- **To do**
The lines to return are those below that contain the word "silver".

- **Data in this exercise**
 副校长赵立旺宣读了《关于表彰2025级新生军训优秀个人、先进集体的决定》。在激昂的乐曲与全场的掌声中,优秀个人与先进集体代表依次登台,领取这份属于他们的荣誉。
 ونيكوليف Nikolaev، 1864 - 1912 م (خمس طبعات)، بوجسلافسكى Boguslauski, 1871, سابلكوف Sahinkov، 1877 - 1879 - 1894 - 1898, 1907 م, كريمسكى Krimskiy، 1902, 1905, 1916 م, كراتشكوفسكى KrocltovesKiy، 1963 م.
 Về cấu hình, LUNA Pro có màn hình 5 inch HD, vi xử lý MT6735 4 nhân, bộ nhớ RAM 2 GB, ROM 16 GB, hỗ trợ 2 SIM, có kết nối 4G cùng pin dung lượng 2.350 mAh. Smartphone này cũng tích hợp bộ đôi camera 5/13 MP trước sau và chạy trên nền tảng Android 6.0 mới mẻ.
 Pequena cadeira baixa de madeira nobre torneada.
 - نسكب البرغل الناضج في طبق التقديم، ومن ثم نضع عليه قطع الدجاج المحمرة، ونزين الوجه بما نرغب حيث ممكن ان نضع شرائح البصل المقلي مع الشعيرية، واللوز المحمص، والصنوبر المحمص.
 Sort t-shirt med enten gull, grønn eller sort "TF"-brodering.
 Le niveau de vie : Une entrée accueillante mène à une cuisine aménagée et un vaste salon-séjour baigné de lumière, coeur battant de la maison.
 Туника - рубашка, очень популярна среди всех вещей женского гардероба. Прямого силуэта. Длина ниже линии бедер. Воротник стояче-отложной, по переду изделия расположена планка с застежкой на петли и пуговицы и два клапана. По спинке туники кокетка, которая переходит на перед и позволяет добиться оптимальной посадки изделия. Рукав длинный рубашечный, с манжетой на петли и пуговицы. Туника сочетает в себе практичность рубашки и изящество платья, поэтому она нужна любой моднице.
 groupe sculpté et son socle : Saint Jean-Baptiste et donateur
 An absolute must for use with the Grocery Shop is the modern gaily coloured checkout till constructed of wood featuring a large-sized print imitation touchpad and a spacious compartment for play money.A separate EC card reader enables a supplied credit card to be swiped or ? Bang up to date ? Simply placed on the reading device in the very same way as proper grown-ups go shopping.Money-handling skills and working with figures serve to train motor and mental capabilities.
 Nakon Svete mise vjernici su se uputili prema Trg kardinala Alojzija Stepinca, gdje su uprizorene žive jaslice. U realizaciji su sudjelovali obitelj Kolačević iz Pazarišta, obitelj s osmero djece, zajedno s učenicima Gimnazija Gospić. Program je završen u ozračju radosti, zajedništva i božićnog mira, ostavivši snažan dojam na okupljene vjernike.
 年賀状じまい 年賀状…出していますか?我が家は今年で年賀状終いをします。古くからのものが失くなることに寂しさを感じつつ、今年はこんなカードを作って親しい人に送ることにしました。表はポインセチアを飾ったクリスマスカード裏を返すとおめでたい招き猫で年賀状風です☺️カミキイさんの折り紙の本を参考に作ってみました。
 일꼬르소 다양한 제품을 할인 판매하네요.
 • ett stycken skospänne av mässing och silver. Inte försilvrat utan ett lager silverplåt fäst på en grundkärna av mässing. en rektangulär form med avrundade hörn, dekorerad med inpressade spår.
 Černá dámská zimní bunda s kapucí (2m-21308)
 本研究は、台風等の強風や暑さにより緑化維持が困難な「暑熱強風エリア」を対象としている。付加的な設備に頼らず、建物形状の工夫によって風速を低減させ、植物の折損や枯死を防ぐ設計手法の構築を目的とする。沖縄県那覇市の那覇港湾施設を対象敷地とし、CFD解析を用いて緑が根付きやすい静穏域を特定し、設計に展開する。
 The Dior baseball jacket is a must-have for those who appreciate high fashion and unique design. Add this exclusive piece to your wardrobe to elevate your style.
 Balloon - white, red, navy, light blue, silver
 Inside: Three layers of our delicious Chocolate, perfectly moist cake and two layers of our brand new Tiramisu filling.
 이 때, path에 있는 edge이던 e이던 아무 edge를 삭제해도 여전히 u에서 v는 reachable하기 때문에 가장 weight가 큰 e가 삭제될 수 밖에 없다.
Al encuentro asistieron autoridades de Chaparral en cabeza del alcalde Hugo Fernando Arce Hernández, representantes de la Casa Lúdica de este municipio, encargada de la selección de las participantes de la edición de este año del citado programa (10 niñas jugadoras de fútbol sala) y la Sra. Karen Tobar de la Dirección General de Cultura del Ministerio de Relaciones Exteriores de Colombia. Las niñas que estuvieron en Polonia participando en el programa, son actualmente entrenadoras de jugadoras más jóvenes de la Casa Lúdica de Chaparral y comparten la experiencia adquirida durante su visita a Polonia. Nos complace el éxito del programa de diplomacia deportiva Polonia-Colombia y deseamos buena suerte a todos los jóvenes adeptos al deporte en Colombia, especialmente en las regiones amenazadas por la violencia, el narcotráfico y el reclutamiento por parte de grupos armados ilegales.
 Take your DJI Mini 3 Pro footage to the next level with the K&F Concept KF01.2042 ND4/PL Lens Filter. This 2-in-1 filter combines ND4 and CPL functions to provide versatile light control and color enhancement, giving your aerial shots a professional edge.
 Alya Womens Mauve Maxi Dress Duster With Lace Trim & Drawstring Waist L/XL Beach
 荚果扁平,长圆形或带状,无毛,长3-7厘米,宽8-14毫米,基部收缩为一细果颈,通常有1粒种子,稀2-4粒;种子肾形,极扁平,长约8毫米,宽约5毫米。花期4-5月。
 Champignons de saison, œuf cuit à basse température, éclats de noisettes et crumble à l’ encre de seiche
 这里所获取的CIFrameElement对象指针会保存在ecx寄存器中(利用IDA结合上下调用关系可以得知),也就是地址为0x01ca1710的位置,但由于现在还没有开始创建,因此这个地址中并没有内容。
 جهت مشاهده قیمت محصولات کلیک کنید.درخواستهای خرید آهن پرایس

- **Solution for this problem**
 • ett stycken skospänne av mässing och silver. Inte försilvrat utan ett lager silverplåt fäst på en grundkärna av mässing. en rektangulär form med avrundade hörn, dekorerad med inpressade spår.
 Balloon - white, red, navy, light blue, silver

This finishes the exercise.